Typically, the El Nino warming happens at irregular intervals of two to seven years, and lasts nine months to two years. The average period length is five years. The model results reflect some of these periods.

Set Start Points

The toolbox calculates optimized start points for Fourier fits, based on the current data set. Fourier series models are particularly sensitive to starting points, and the optimized values might be accurate for only a few terms in the associated equations. You can override the start points and specify your own values.

After examining the terms and plots, it looks like a 4 year cycle might be present. Try to confirm this by setting `w`. Get a value for `w`, where 8 years = 96 months.

`w = (2*pi)/96`
```w = 0.0654 ```

Find the order of the entries for coefficients in the model ('f2') by using the `coeffnames` function.

`coeffnames(f2)`
```ans = 18x1 cell {'a0'} {'a1'} {'b1'} {'a2'} {'b2'} {'a3'} {'b3'} {'a4'} {'b4'} {'a5'} {'b5'} {'a6'} {'b6'} {'a7'} {'b7'} {'a8'} {'b8'} {'w' } ```

Get the current coefficient values.

`coeffs = coeffvalues(f2)`
```coeffs = 1×18 10.6261 0.5668 0.1969 -1.2031 -0.8087 0.9321 0.7602 -0.6653 -0.2038 -0.0292 -0.3701 -0.0486 -0.1368 2.8112 1.3344 0.0798 -0.1076 0.0753 ```

Set the last coefficient, `w`, to 0.065.

`coeffs(:,18) = w`
```coeffs = 1×18 10.6261 0.5668 0.1969 -1.2031 -0.8087 0.9321 0.7602 -0.6653 -0.2038 -0.0292 -0.3701 -0.0486 -0.1368 2.8112 1.3344 0.0798 -0.1076 0.0654 ```

Set the start points for coefficients using the new value for `w`.
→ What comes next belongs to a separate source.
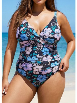 Dive into effortless elegance! This blue floral one-piece swimsuit has a V-neck, adjustable straps, removable pads, and tummy control with flattering wrap and ruched cross-front design. Ideal plus size bathing costumes choice.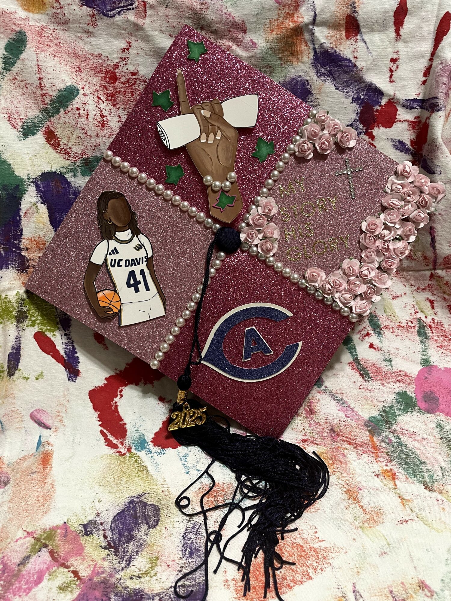 Hi Friends! My name is Kaila Romei and and I’m the owner of Made By Romei, a custom art and clothing business. I was born in South Jersey and moved out to Cali to start my education at UC Davis and also have a real shot in the art world. I started drawing in middle school, copying mangas, comics or anything I could get my hands on. From there I found a love of art and started painting in high school. I then went on to create Made By Romei in 2018 as an entitiy to channel my love of art and share it with the community. I mostly enjoy not just creating custom works for your walls but specifically for you to wear. I feel like wearable art is a statement. My favorite pieces to create are grad caps, dad hats and fitteds, shoes and jeans. I also really love making pieces with my son, who is now starting to find his spark in life too.

`f3 = fit(month,pressure,'fourier8', 'StartPoint', coeffs);`

Plot both fits to see that the new value for `w` in `f3` does not produce a better fit than `f2` .

```plot(f3,month,pressure) hold on plot(f2, 'b') hold off legend( 'Data', 'f3', 'f2')``` Find Fourier Fit Options

Find available fit options using `fitoptions(modelname)`, where `modelname` is the model type `fourier` followed by the number of terms, e.g., `'fourier1'` to `'fourier8'` .

`fitoptions('fourier8')`
```ans = Normalize: 'off' Exclude: [] Weights: [] Method: 'NonlinearLeastSquares' Robust: 'Off' StartPoint: [1x0 double] Lower: [1x0 double] Upper: [1x0 double] Algorithm: 'Trust-Region' DiffMinChange: 1.0000e-08 DiffMaxChange: 0.1000 Display: 'Notify' MaxFunEvals: 600 MaxIter: 400 TolFun: 1.0000e-06 TolX: 1.0000e-06 ```

If you want to modify fit options such as coefficient starting values and constraint bounds appropriate for your data, or change algorithm settings, see the options for NonlinearLeastSquares on the `fitoptions` reference page.